By the mid-nineteenth century, much of Europe had become industrialised, and the generation of artists who had inaugurated the Romantic Movement were dead. But much of the romantic spirit lived on. In their emphasis on individual genius and subjective experience, arts of the Romantic era handed future generations the basis for their own development and provided a point of view that coloured their understanding of the past.
As Europe entered the nineteenth century, those forces that would shape her political and cultural destiny were already in place. From 1799 to 1815 the most powerful figure in Europe was Napoleon Bonaparte. During his meteoric rise and fall France was at war with the rest of Europe, and after his defeat Europe's political structure was changed forever.
Some artists were interested in painting contemporary, topical events, not only as a depiction of that particular event, but also as an exploration of the passionate emotions and truths that underlay it. In the eyes of these artists, the illumination of the Enlightenment had been dimmed by the atrocities of their age.
Ranging from historical paintings to portraiture, there was a fundamental shift in the concept of what art was supposed to depict. Images of physical and emotional violence, madness and struggle sought to portray man's inhumanity to man and the loss of reason they felt defined their age.
The early Romantic period was a time of great thinkers, artists, and scientists. It is possible that the wealth of creativity at the time reflected the desire of 18th century philosophers to reassess reality and, in particular, man's role in the universe.
Early Romantic music was all about emotion and individual expression--the extremes of joy and sorrow, triumph and dejection, passion and despair.
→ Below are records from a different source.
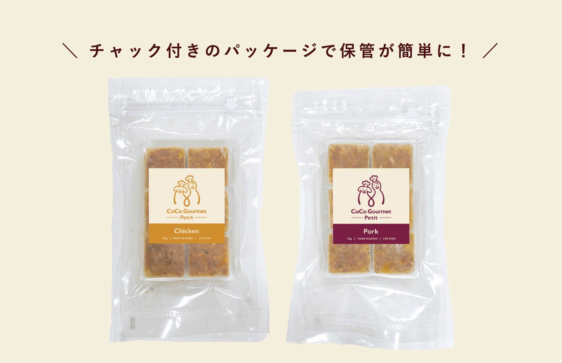 ココグルメプチは、ココグルメの美味しさ、安全性はそのままに、1キューブ約20g × 6個(120g)の便利な小分け包装にしました。ワンちゃんの体格や使用用途によって、冷凍した状態で必要な分を「プチっ」と押して解凍するだけで手軽に与えることができます。メニューは人気のチキンとポークの2種をご用意しています。
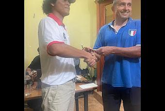 Jeigoth recibiendo el premio del anfitrión Edwin Vega y miembro del Comité Organizador del torneo.
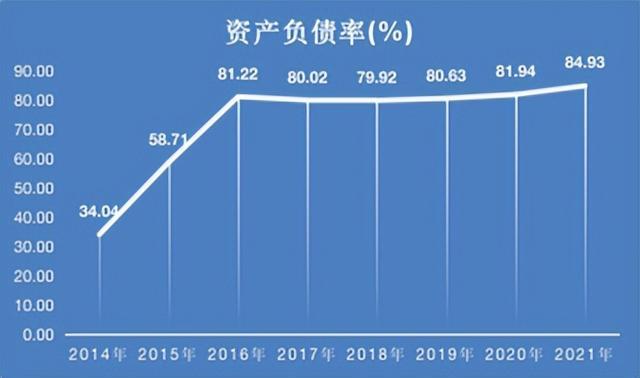 但与此同时,钜盛华的负债也几十倍的增加。总负债由2014年的96.37亿元增加2021年的4715.46亿元,暴增4793.08%。资产负债率从2014年的34.04%增至2021年的84.93%。
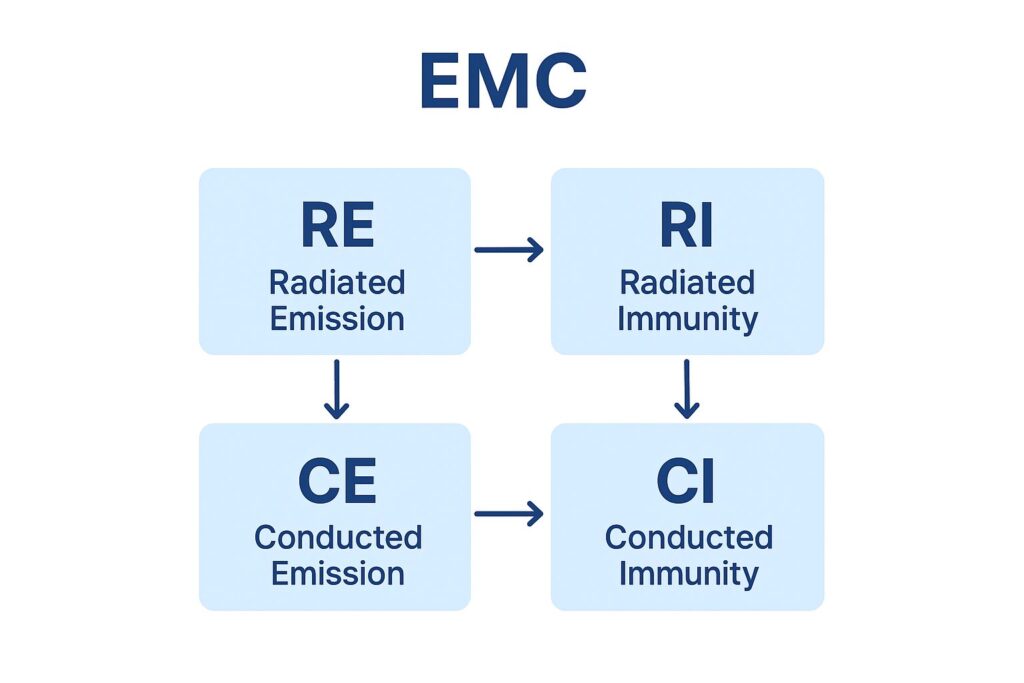 - 放射エミッション(RE):車載機器がどれだけノイズを出すか
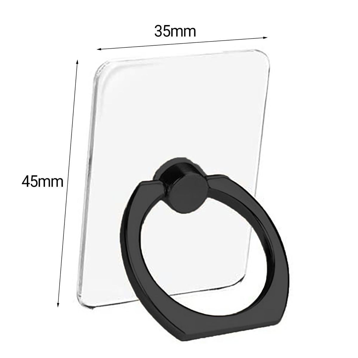The length of this finger ring phone holder is about 4.5cm, width is 3.5cm and thickness is 0.2cm.
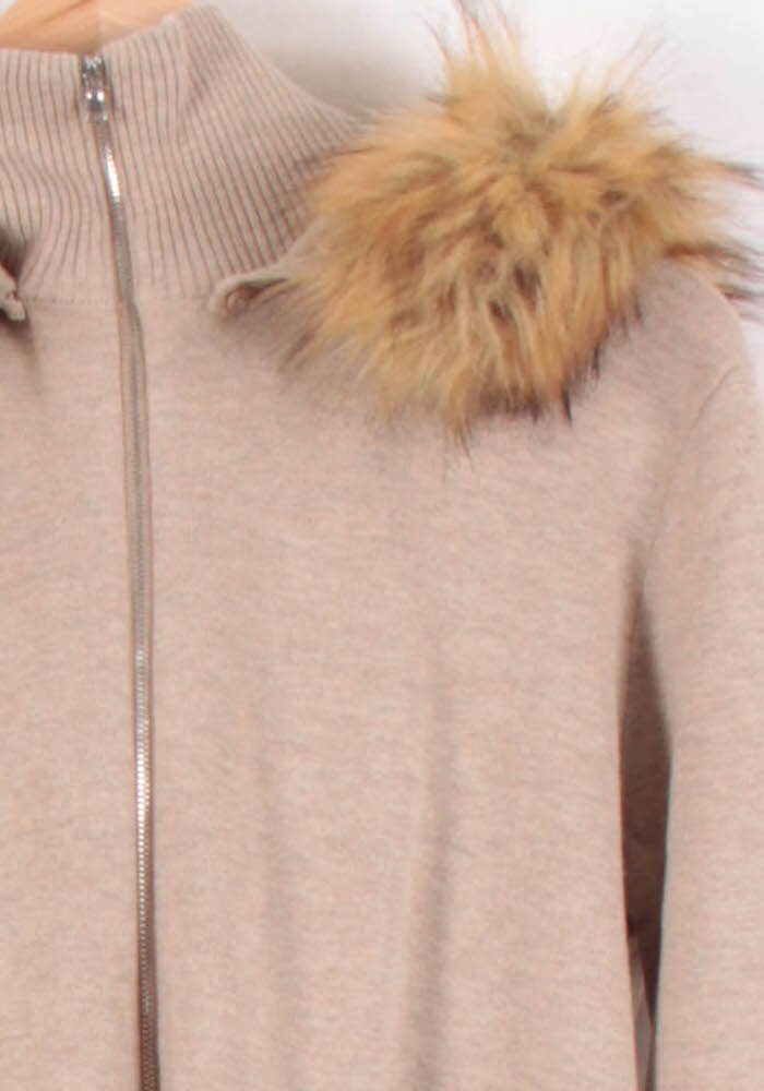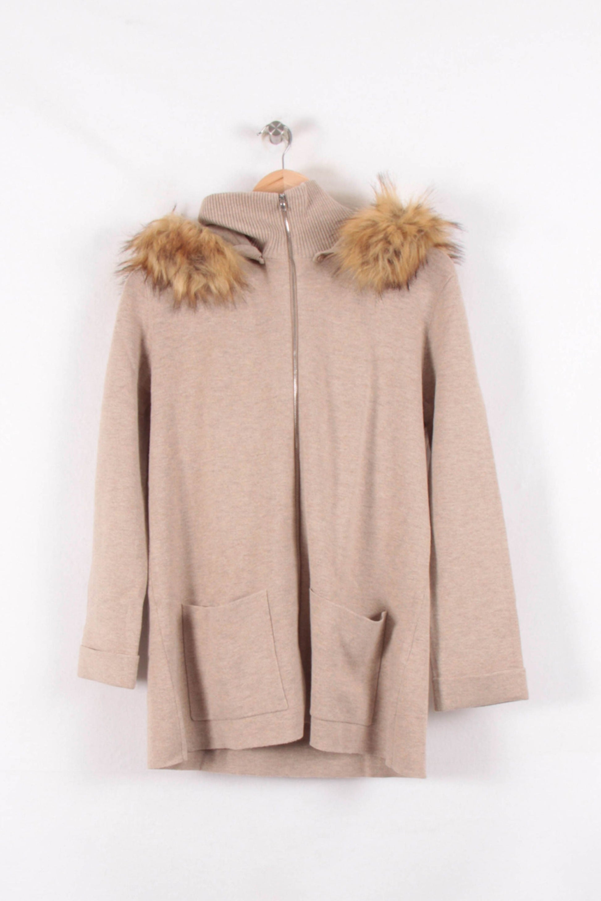 Gilet zippé beige ZAPA, taille S/36, avec col montant et empiècements en fausse fourrure sur les épaules. Confectionné dans une maille douce, il se distingue par ses poches plaquées à l'avant et l'élégance de son col orné de fausse fourrure, apportant une touche sophistiquée et chaleureuse. Idéal pour sublimer une tenue décontractée lors d'une journée hivernale en ville ou pour un rendez-vous entre amis.
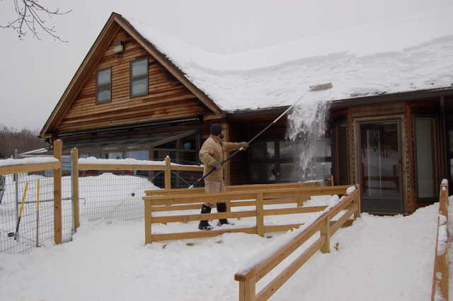 Kate was driving the truck with hay down to the corrals to start feeding when she looked over to the pasture and saw blind Lena lying on her side in deep snow, tangled up in the fence, with a brace post laying across her. Lena had somehow gone right through the fence and was lying on the outside, pinned up against two fenceposts, one at either end of her body. Kate called me — I had just returned inside and was in my office — and Alayne and I grabbed our coats and boots and went rushing out.

The intensity of passion, individualism and the striving for self-expression are central to the Romantic spirit.
In an age of sweeping revolution and change, the heart of a continent torn by hysteria and madness ventured out of the darkness of the city to return to the wilds of nature. Individuality, nature, and emotion dominated the minds of restless individuals weary of logic, reason, science, and industry. The spirit of an era awoke, fuelled with passion and rebellion, and quickly spread to all aspects of culture to unveil everything contrary to the Enlightenment. The disturbing, the supernatural, the beautiful, and the wild. Romanticism, intense and rebellious, overthrew all conventions, convention had never been defied in such a manner before, nor would it ever be restored again. The era specifies to us how far Romanticism pervaded culture and continent; it shows how lasting works of Romantic art, literature, and music representative of the great era still influence us today. Most of our freedoms of thought, our passion, and our questioning nature was spawned by them, but we are forgetting what they did, becoming complacent, we are slowly slipping back into those dark times before the surge of revolution. We are not questioning but accepting what we are told, slowly those conventions and establishments are being rebuilt and repackaged, soon 1984 could be reality.